Variable screening aims at selecting a small subset of variables based on some marginal utility measure and using the ones with the highest utility for further analysis. This procedure can complement the RP approach and further reduce the dimensionality of the problem by first screening for the important variables and then performing the RP. A seminal contribution in variable screening is the sure independence screening (SIS) of Fan and Lv (2008), who proposed to use the absolute marginal correlation of the predictors to the response in linear regression, which was later extended to GLMs in Fan et al. (2009); Fan and Song (2010) by employing the maximum likelihood coefficient estimates of univariate GLMs instead of the correlation coefficient. However, in the presence of predictor correlation, screening based on a conditional utility measure (i.e., conditional on all the other variables in the model) is to be preferred to the unconditional one. To tackle this issue, Fan and Lv (2008) propose iterative SIS, which involves iteratively applying SIS and penalized regression to select a small set of variables, computing the residuals of a model fitted with the selected variables and using these residuals as a response variable to continue finding relevant variables. This procedure was later extended to more general model classes in Fan et al. (2009).

Similar to the linear regression case, the absolute value of the true coefficients in a GLM (assuming all predictors have the same scale) can be employed as a measure of variable importance. Therefore, another approach is to find a screening coefficient that is capable of detecting the correct order of magnitudes of the regression coefficients (but not necessarily their signs). We note that an estimator that performs well for the purpose of RP (as discussed above) would also be a good candidate as a screening coefficient. In the next section, we propose such an estimator for GLMs.
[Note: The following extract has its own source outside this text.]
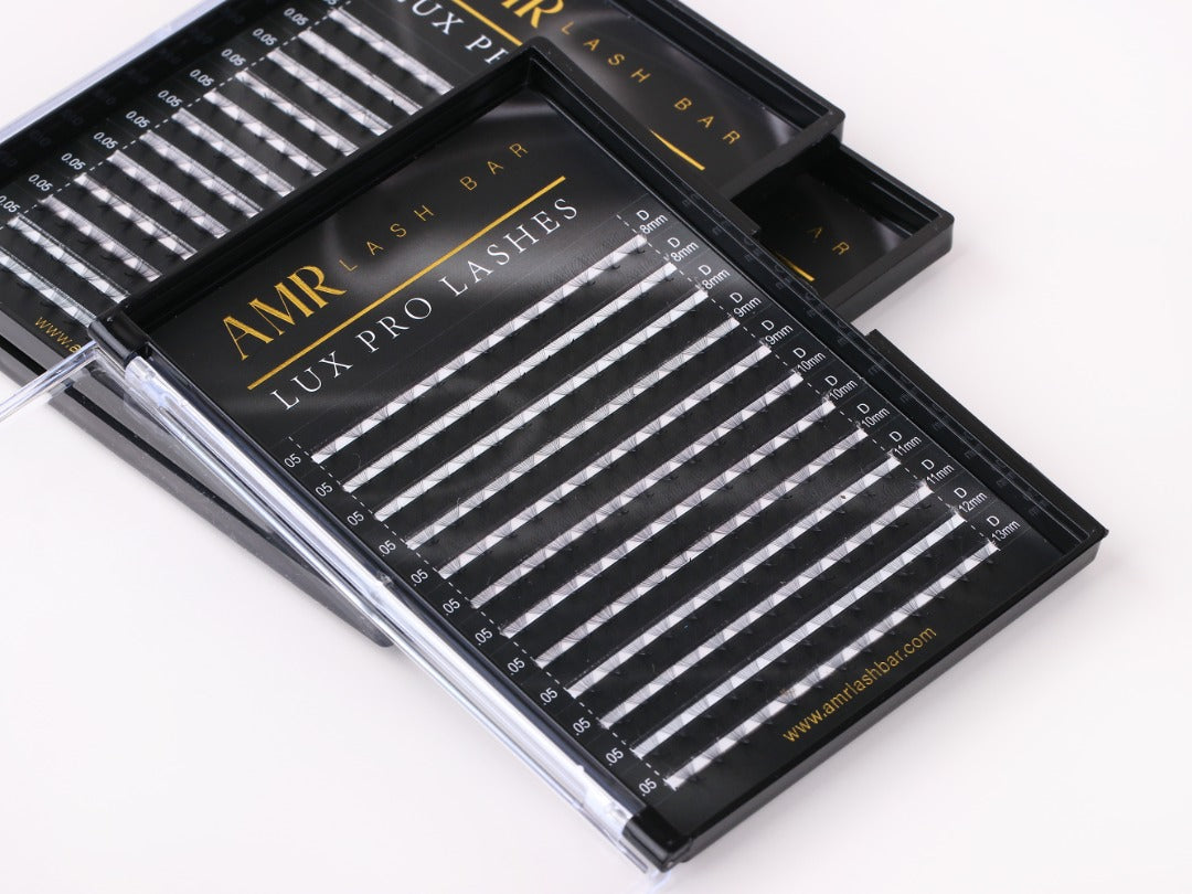 Our LUX PRO Premade lashes come in mixed lengths. The perfect light weight .05 12D lashes in D Curl. Lengths 8mm-13mm. Our LUX PRO Premade Lashes are perfect for those who desire a more uniform look without having to hand make your fans while also cutting down on your service time.

2.3 Proposed estimator for random projection and screening

In general, a ridge-type estimator

{\hat{β}}_{λ} = a r g m i n_{β \in ℝ^{p}} \min_{β_{0} \in ℝ} \{- \tilde{l} (β_{0}, β) + \frac{λ}{2} \sum_{j = 1}^{p} β_{j}^{2}\}, λ > 0

(2.4)

with the scaled log-likelihood $\tilde{l} (.)$ from (2.3) promises to be a sensible choice, both for screening and for inclusion in the CW RP, because it considers all variables in the model and is non-sparse. For linear regression, the HOLP estimator (Wang and Leng, 2016) provides a screening utility measure considering all variables’ effects simultaneously and has strong theoretical properties (see Section 2.1 in Parzer et al. 2025 for a discussion). It is explicitly given by

{\hat{β}}_{HOLP} = X^{'} {(X X^{'})}^{- 1} y = \lim_{λ \to 0} ({argmin}_{β \in ℝ^{p}} \{\sum_{i = 1}^{n} {(y_{i} - x_{i}^{'} β)}^{2} + \frac{λ}{2} \sum_{j = 1}^{p} β_{j}^{2}\}),

(2.5)

where $X \in ℝ^{n \times p}$ is the predictor matrix and $y \in ℝ^{n}$ is the response vector. Here, a model without an intercept β₀ is assumed, which can be justified by centering X and y . Parzer et al. (2025) used this HOLP coefficient (2.5) as the diagonal elements in a CW RP.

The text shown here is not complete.